75th Anniversary: In Old Chicago's Stolen Oscar!
Sunday, March 10, 2013 at 12:01AM
NATHANIEL R in 1937, 1938, Alice Brady, Alice Faye, Chicago, Don Ameche, In Old Chicago, Oscars (30s), Tyrone Power, disaster epic

On this very day in 1938, 75 years ago, the Academy of Motion Picture Arts and Sciences met for the 10th time to honor the films of 1937. There was still no television to compete with but that also meant no televised ceremony. Which is too bad really because how great would it be to see one of Oscar's very oddest anecdotes happening "live"? According to legends, though the legends conflict either an Alice Brady impostor or a impostor Brady representative accepted the trophy which was never recovered! Drama. What then? Either the statue was replaced 12 days later or the more dramatic the statue was never replaced. This much is true: Brady, the second winner of this then brand new category, died a year and a half later at only 47 years of age.

In Old Chicago
Alice Brady plays the matriarch of the O'Leary clan (anniversary aside, since we're approaching St. Patrick's Day, it felt like appropriate viewing). After the father dies in a dumb luck tragedy on the way to the big city in 1854, dragged to his death by runaway horses, widowed Brady raises her three sons alone in the rapidly rising city described in the title cards as "a fighting, laughing, aggressive American city". Within seconds of arriving she makes a name for herself as a talented laundry woman.

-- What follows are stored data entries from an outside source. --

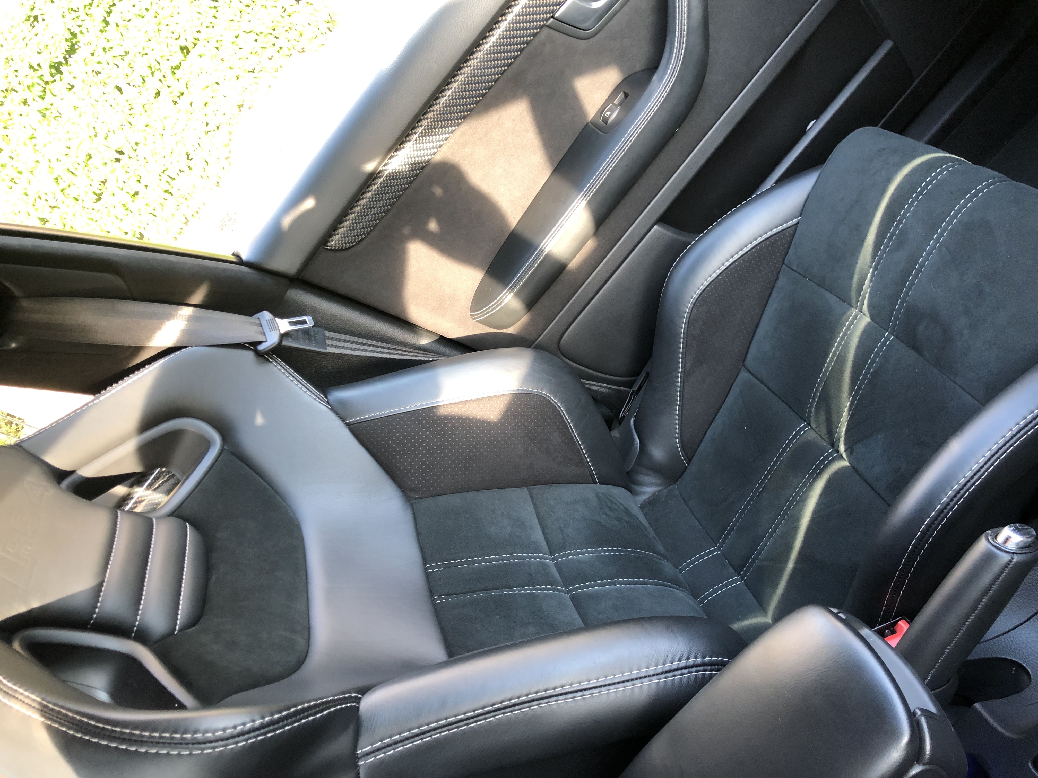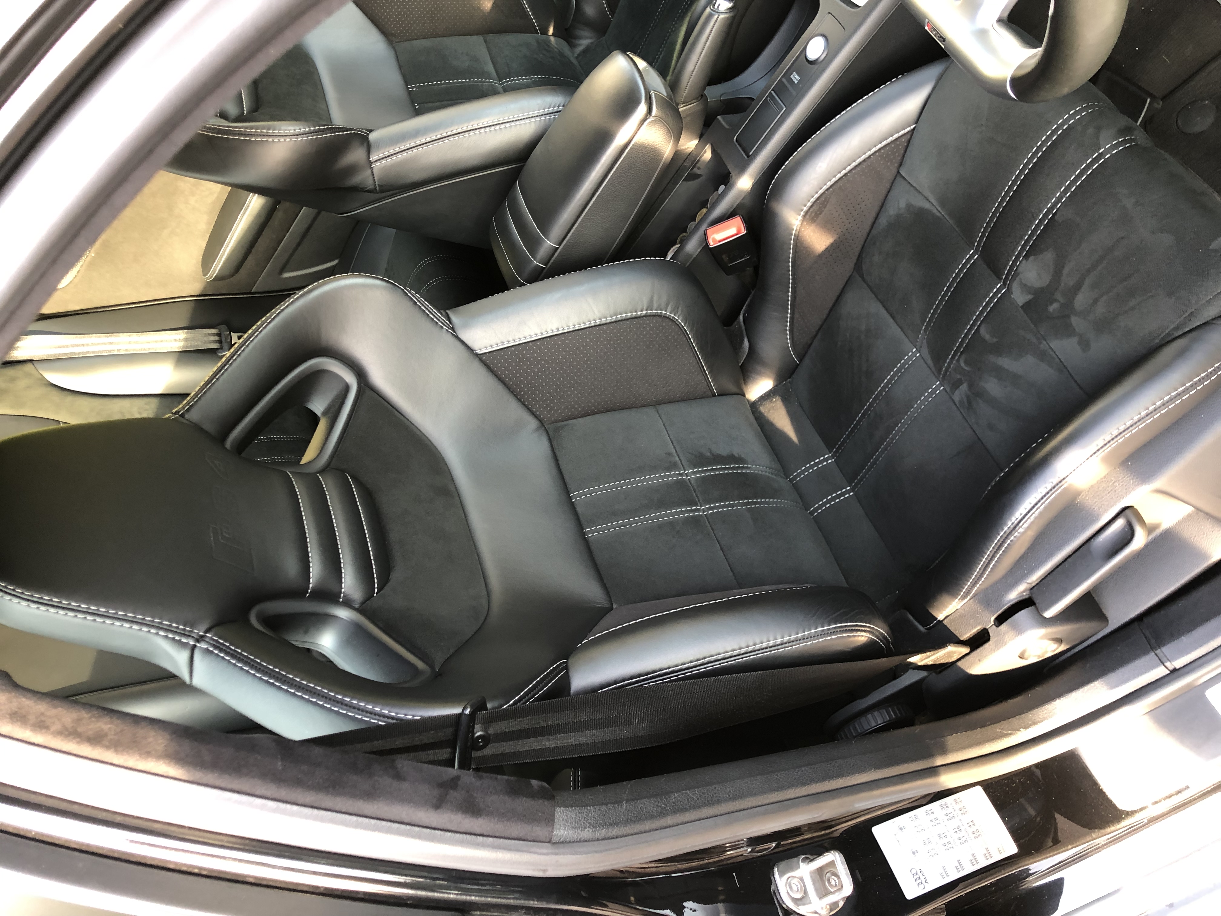 Full Plush internal retrim in black napa leather and alcantara with silver stitching. This includes seats, pillars, roof, armrest, steering wheel, gear gaiter and knob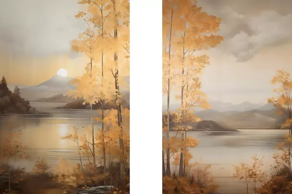 Poster Sügisene tekstuuriga puud oranžide lehtedega raamivad rahulikku järve kauguses asuvate mägedega pilvise taeva all. Nr d01246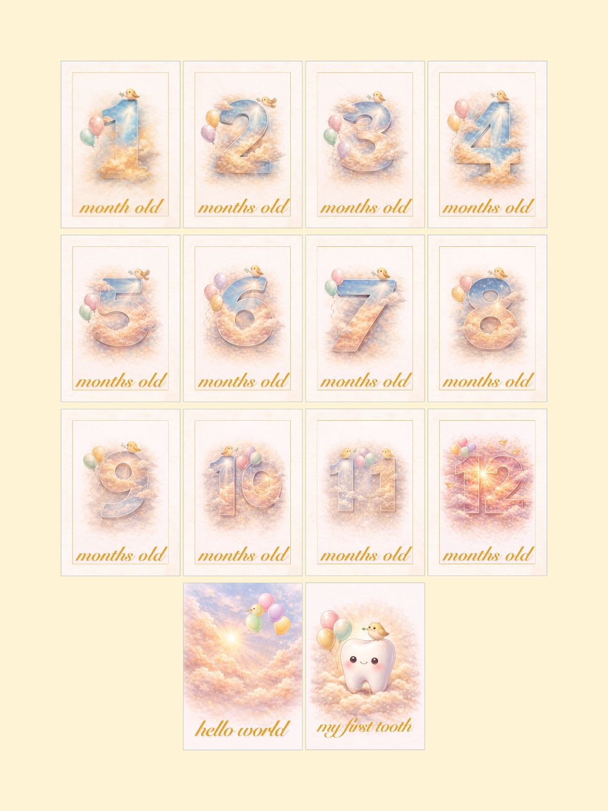 Cloud Nine Monthly Milestone Cards — 14 Printable Baby Photo Cards | Hello World, Months 1–12, First Tooth | 5×7 Printable PDF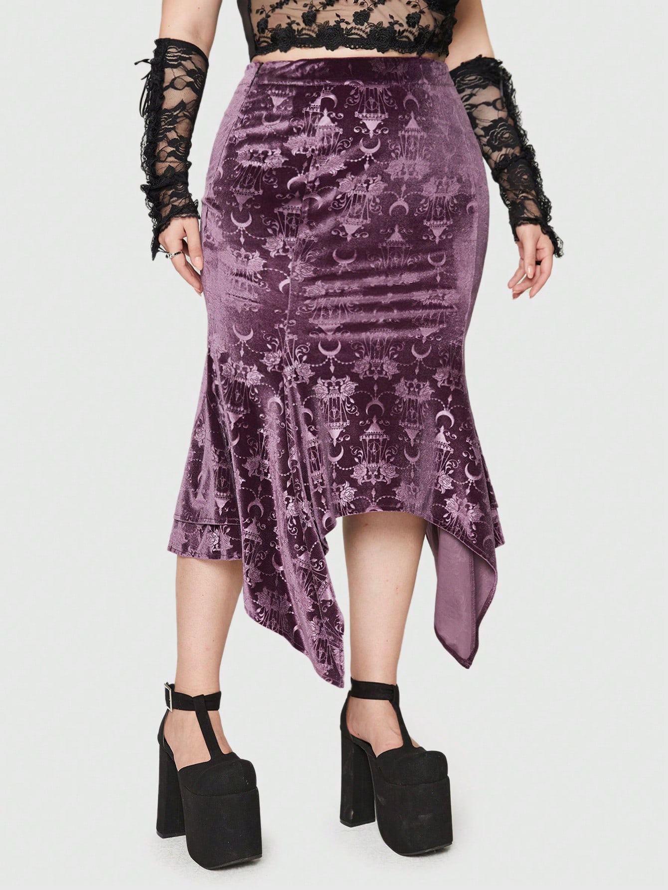 Goth Plus Allover Print Asymmetrical Hem Velvet Skirt

Two of her sons become major power players, one an honest crusading lawyer (Don Ameche), the other a charming playboy (gorgeous Tyrone Power) with a taste for money and women of questionable provenance.

Yes, by all means Tyrone, find a reason to get your shirt off...

Even if it involves stealing clean shirts from Mama O'Leary's clients, you selfish jerk. 

I love to look at Tyrone Power (I'm only human!) surely one of the best looking movie stars of all time but this is the second consecutive Power movie I watched (remember Black Swan?) in which his courtship technique generally involves bullying his conquests. (When she says no, she really means yes!) From what I can tell this was a-ok with everyone in 30s and 40s because it's such a cinema staple but it sure makes for politically incorrect sexual combustion between moviebuff and movie. It's not that Tyrone doesn't have sexual sparks with his co-stars -- he absolutely does compounding the discomfort because these sparks leave burns. In one of this drama's repeated comic gags Tyrone physically restrains Alice Faye (whose appeal escapes me) until she kisses him or acquiesces to his demands, whatever they are. This happens three times in the picture and by the end he's still treating her like garbage, lying to her, using her, shoving her around; she falls hopelessly in love of course.

Tyrone woos Alice... by pinning her down and nuzzling.

What a woman!"

In Old Chicago has an unusual Oscar record in that it won "Best Assistant Director" a category which ended right there at the 1938 Oscars. Did the Assistant Director get the credit for the movies insane recreation of one of the worst American tragedies of all time, the fire which wiped out Chicago and one member of this fictionalized family? The visual fx are impressive for their day and the disaster portion of the movie definitely has some alarming dramatic potency ...Chicago won six nominations: Picture, Assistant Director, Original Story, Supporting Actress, Sound Recording (later split into two categories) and Best Score. 

When the final title card hit, just after Alice Brady's defiant wet-eyed ode to her family and her city's survival - very Scarlett O'Hara - it was easy to think of this Oscar winning role in its proper context, as one of the earliest examples of the martyr mom Oscar holds so dear.

It's gone and my boys gone with it but what he stood for will never die. It was a city of wood and now it's ashes. But out of the fire be coming steel. You didn't live to see it my lad, no more than your father before you...

If you hang all the kindly martyr moms (and their dark-mirror counterparts, the monster moms) on a timeline like drying shirts on a clothesline that'd be more laundry than even Mama O'Leary could handle! In Old Chicago is like that, too, in context. It's an early prototype for three commonplace types of (Oscar-bait) epics: disaster films, historical reenactments, and the multi-generational family saga. So, for me at least, it's a worthy sit despites its inarguable creaky aged joints.

Happy Oscar winning anniversary Mama O'Leary & In Old Chicago. You're part of a strange tribe.